建設資材ではほぼすべてが影響を受けた。コンクリート、キッチン、および給湯器などキッチン備品、アルミサッシ、壁のクロス、その他、センサー付きの照明器具、トイレ設備、換気扇、コンロ、IHヒーター……。建設資材は価格が全面的に上がり、工期に影響した。

この時期に住宅を建てた人を失望させた。基礎工事が止まる、材料が届かないといわれ別場所での仮住まいを長引かせることになった。挙句の果てには、見積もり費用が異常に膨らんだ。「ふざけるな」と怒りをぶつけても、現場の担当者にとってもどうしようもない。木材が手に入らないのだ。

なかにはマイホームを夢見ていたのに、着工後に部屋数を減らすように勧告された購入者もいる。間取りを変更しなければ当初予算のままでは建てられなかったのだ。
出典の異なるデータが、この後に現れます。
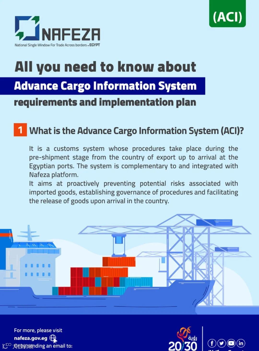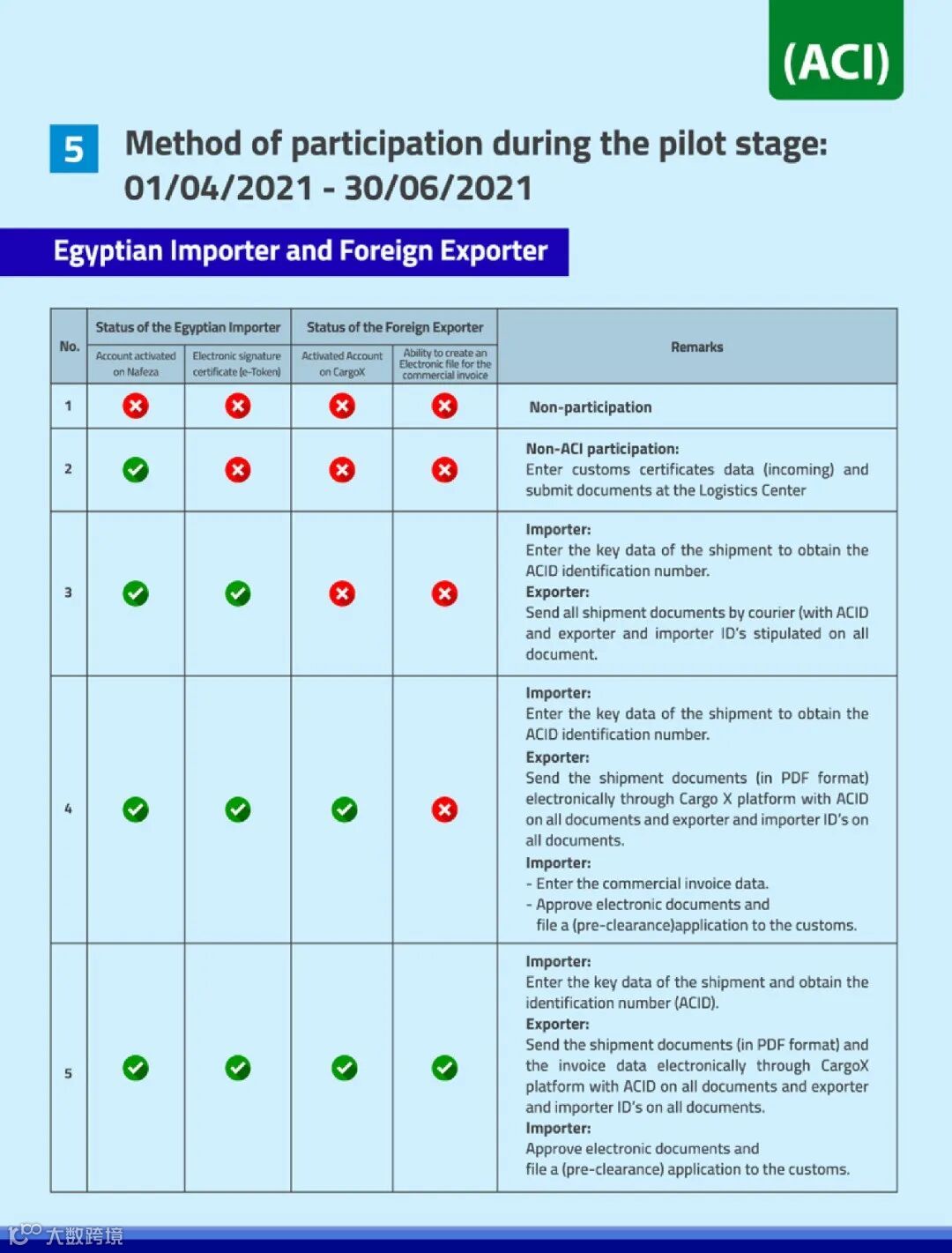 即在埃及港口实施 “Advanced Cargo Information (ACI) declaration”预报货物资料规定,所有进口的货物,收货人必须先行在当地系统预报货物资料以获取ACI Number,提供给发货人,此(ACI) Number要求强制显示在提单上和舱单上。2021年4月1日开始试运行,2021年7月1日起强制执行(均为到港日)。

苦しんだのは住宅関連産業だけではなく、他の産業も同様だった。楽器メーカーがギターの生産に影響が出るとした。バイオマス発電にとっても事態は深刻だった。発電用の木質バイオマス材料は高騰し入手しにくくなった。関西電力の朝来バイオマス発電所は稼働を停止した。他にも稼働を停止したバイオマス発電所は多い。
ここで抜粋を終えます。